Mounting the rear springs closer to the centerline means making the de Dion truss strong enough to handle vertical forces. I have been thinking about that, and if my sums are right putting a truss of 1″ square tubing with 0.5″ round verticals and diagonals on top of the 0.5″ round tube truss would support the rear of the car with adequate safety margin. “Adequate” in this context means no damage if I hit a few pot holes or slide off the track during a time attack run, it doesn’t mean taking the car off-roading in the desert.
The other thing I have been thinking about is how light I could get a front-engine bucket like the Sprint-T. By adapting an A-904 Torqueflight to a Pentastar V6 with a steel 9″ Ford rear axle I could get 1450 pounds without even trying hard. Start swapping out an all-steel 9″ for an aluminum and magnesium quick change in the rear axle and carbon fiber in the driveshaft and we are looking at a 1400 pound bucket with 305 HP on 87 octane regular without changing anything in the engine or calibration. Get serious about making the frame lighter with aluminum instead of steel and a space frame instead of a ladder and maybe 1375 pounds. About 4.5 pounds per HP. That’s like a 750 HP Corvette or Viper running on Regular gas. As in car*√-1, imaginary. Even with the frame from the Speedway kit we are talking a hot rod that could give anything short of a Hellcat or Z06 a run for its money 0-60 MPH, on 87 octane regular gas. There are 2 ways to make a fast car, 1) lots of power and 2) no weight. 1) is fast in a straight line, 2) is fast everywhere. I think I like 2) better.

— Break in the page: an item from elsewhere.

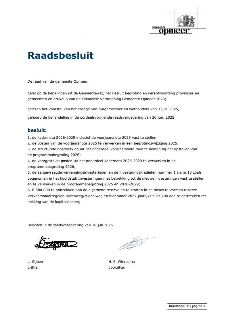 Raad 10 juli 2025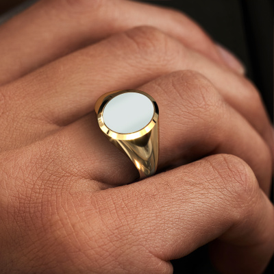 De bovenstaande zware Herman 2 zegelring met ovale vorm groene lagensteen bovenkant staat bol van traditie. De zegelring werd van oudsher van vader op zoon doorgegeven. Met deze zware gouden zegelring start je je eigen traditie. Ook plaatsen we graag een gravure voor je, zoals een monogram of een familiewapen gravure. Kijk voor meer informatie en de mogelijkheden hiervan bij onze kennisbank. De verschillende afdelingen binnen de kennisbank vind je onderaan deze pagina. Jouw traditie begint hier, met de klassieke gouden Herman 2 zegelring. Onze goudsmeden vervaardigen met veel passie en zorgvuldigheid jouw zegelring op maat en naar eigen wens. De gouden zegelring zoals hier is afgebeeld, kan naar jouw wens worden aangepast met de configurator. Heb je bepaalde ideeën die je met de configurator niet kunt toepassen, dan kun je dit altijd even opnemen met onze sieradenontwerpers. Met vragen kun je uiteraard ook altijd terecht.Elke dag worden nieuwe ring ontwerpen toegevoegd aan de site door ons team van talentvolle en gepassioneerde ontwerpers. Hierbij wordt ernaar gestreefd om een zo gevarieerd mogelijke collectie aan te bieden. Heb je bepaalde ideeën voor een ring, neem dan eens contact op voor een offerte. Wij doen je een aanbod wat betreft prijs en kwaliteit waar je geen nee tegen zult kunnen zeggen.Ben je gebonden aan een bepaald budget? Neem gerust contact met ons op, we adviseren graag over alle mogelijkheden. Sowieso leveren wij alle ringen tegen een prijs die je nergens anders tegen komt, doordat we de ring pas vervaardigen wanneer je deze besteld. Hierdoor kunnen wij je een beste prijs garantie geven.Om het voor jou makkelijker te maken kun je ieder besteld sieraad binnen 30 dagen na aflevering eenvoudig weer retour sturen.

Incidentally, did I ever say how I figured out that I needed to use different size tires and how different they had to be? The book Chassis Engineering has a graph of grip over load for a typical race or passenger car tire. The problem here is it’s a graph for just one size of tire, and has to be scaled for a different size of tire. The way I did it was to leave the shape of the graph pretty much alone for the big tire and then scale the grip by dividing the load and grip by the ratio of the squares of the widths between the tires. F’rinstance the street and street tire autocross will use 195/50 fronts and 245/40 rear tires so the graph was scaled down by a factor of 1.58. This is not perfect, but it is close enough that I can come close to getting the balance right with just the springs and a light anti-roll bar to make up the difference of not having the perfect spring rate. For street and highway driving I will need slight understeer for stability, but for the autocross I need a slight oversteer for better turn-in and rotation through the middle of the corner. I’ll be able to do this with just a swap of shocks and springs which I have to do anyway because I need a lower ride height for autocross than for the street. Theoretically I could do that without changing springs and shocks but that would require carrying around a slew of scales and platforms and adjusting before and after the competition, or I could just do that once and pull those shocks off and put them in a case with labels as to which one goes on which spot on the car. Instead of spending time adjusting and re-adjusting the spring seats to lower or raise the ride height and move the weight around to balance the car in turns, I do it once at a test track and then just swap the coilover shock/spring units at the race from street to race and back to street in just a few minutes instead of the hour or so (if I get lucky) each way adjusting the spring perches.
And I have wandered around the verbal landscape long enough, time to wrap it up and do something else.
Opus the Unkillable